(DATASET)

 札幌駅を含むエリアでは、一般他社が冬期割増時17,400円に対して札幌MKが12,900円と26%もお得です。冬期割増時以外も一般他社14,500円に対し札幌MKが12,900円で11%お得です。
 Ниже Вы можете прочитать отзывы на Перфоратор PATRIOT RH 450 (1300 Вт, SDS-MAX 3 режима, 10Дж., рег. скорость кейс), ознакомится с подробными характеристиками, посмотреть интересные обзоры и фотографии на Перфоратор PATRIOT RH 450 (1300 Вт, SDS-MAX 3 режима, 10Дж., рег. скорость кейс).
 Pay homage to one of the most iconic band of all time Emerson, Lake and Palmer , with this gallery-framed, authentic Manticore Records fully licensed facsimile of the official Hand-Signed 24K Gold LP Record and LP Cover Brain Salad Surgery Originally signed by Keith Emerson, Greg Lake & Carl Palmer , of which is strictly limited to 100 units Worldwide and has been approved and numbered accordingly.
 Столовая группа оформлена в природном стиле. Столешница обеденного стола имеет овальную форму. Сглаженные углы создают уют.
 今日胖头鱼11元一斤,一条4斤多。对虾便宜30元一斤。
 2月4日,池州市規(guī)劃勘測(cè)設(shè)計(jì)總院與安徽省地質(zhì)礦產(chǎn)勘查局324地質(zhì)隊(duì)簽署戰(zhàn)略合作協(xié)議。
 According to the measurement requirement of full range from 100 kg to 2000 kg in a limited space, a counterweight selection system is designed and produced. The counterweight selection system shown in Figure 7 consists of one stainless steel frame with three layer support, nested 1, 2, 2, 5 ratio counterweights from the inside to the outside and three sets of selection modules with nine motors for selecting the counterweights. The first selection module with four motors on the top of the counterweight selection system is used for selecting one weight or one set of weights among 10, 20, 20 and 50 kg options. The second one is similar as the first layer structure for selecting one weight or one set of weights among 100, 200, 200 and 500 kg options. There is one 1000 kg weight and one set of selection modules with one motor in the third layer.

(WHAT IS BEING ASKED) In the listing above, transcribe exactly everything from the line containing "Столовая группа оформлена" down to the line containing "2月4日,池州市規(guī)", including both and nothing more.

(COMPLETED TASK)
 Столовая группа оформлена в природном стиле. Столешница обеденного стола имеет овальную форму. Сглаженные углы создают уют.
 今日胖头鱼11元一斤,一条4斤多。对虾便宜30元一斤。
 2月4日,池州市規(guī)劃勘測(cè)設(shè)計(jì)總院與安徽省地質(zhì)礦產(chǎn)勘查局324地質(zhì)隊(duì)簽署戰(zhàn)略合作協(xié)議。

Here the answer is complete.